The projects were completed on time and did not receive any government funding, being completely funded by an improvement fee levied by the airport.

“Under the leadership of our board, a group of dedicated people and (airport authority) president Paul Benoit, we were able to give Ottawa a truly beautiful, world-class airport, very befitting of a G8 capital,” says Mr. Durrell, adding that he believes the facility is one of the key economic generators for the city. “It’s not overbuilt, it’s profitable, it’s architecturally attractive and highly functional and efficient. It’s a delight.”

Nothing ‘Convention’-al

Formal discussions around the expansion of the city’s premier convention facility began in the 1990s, but the project was stalled for years amid a dispute with Viking Rideau Corp., owner of the connecting Rideau Centre shopping centre, concerning funding and zoning issues.
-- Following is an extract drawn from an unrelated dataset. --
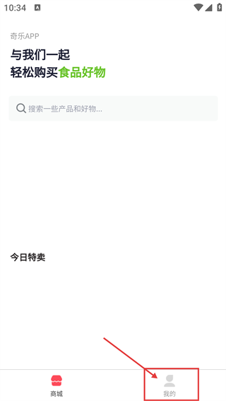 在【奇乐】主界面,你可以通过底部的【我的】入口进入个人功能模块,也能利用搜索栏查找各类食品好物。

However, the wheels began turning more quickly following the provincial government’s 2006 appointment of Mr. Durrell to lead the redevelopment plans. Vowing to begin construction within three years, he shook up the centre’s management in May 2007, replacing the expansion project head Joan Culliton with engineer Graham Bird and development consultant Dale Craig.

By September 2007, Mr. Durrell’s team had come up with a new $159-million plan that would see the old Congress Centre demolished in 2008, with construction officially beginning in 2009, and in April 2011 the sparkling new Ottawa Convention Centre opened its doors.
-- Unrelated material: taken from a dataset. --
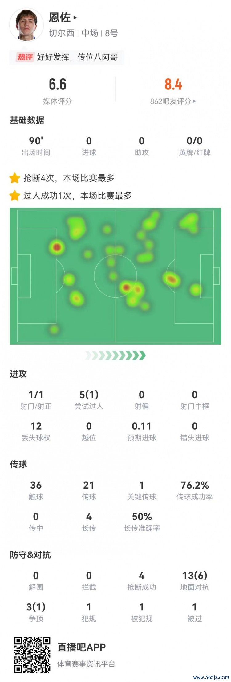 12月1日讯 切尔西在本轮英超1-1战平阿森纳,恩佐本场数据如下:

The on-time, on-budget project is yet another example of Mr. Durrell’s chops as a community builder, says close friend Bruce Hillary. “Where others tried (and failed) to come to terms, Jim was able to sit down and hammer it out.”

Giving back

Success in life, says Mr. Durrell, includes the ability to give back if you’ve been blessed to receive and to enjoy what you’ve done. It’s a philosophy that’s motivated Mr. Durrell’s many charitable endeavours, including his role with the Ottawa Hospital’s President’s Breakfast fundraising campaign and his membership in the United Way’s campaign cabinet, among others.

He notes he believes the city’s welfare ought to be in concert with its economy. “I have a very large social conscience, but I also believe that you never help the weak or downtrodden by weakening the strong. A good, healthy economy creates all sorts of jobs and the financial wherewithal where you can afford to have good affordable housing and social programs.”


1970-72: First comes to Ottawa as local manager, employee benefits of London Life Insurance Co.

1970-72: First comes to Ottawa as local manager, employee benefits of London Life Insurance Co.

1980-85:  Serves as alderman and councillor for Regional Municipality of Ottawa-Carleton.

1985-91 : Serves as mayor of Ottawa.

1988: Ottawa hosts Grey Cup following Jim Durrell’s efforts.

1993: Orchestrates land swap with National Capital Commission to enable construction of baseball stadium for Ottawa Lynx.

1996: Named president of Ottawa Rough Riders football team.

1998-2006: Serves on board of Business Development Bank of Canada.

1999-2008: Serves as director for Ottawa International Airport Authority; oversees $310-million construction of new airport terminal in 2003, $95-million expansion wing and the demolition of old airport in 2008.

2000: Becomes member of United Way / Centraide Ottawa campaign cabinet; becomes head of Capital Dodge car dealership.

2005: Begins involvement with the Ottawa Hospital Foundation’s President’s Breakfast fundraising campaign.

2006-07: Named chair of the Ottawa Convention Centre and oversees approval of plan to demolish old Ottawa Congress Centre in 2008 and build $159-million new centre.

April 2011: Ottawa Convention Centre opens doors; construction project is on time and within budget.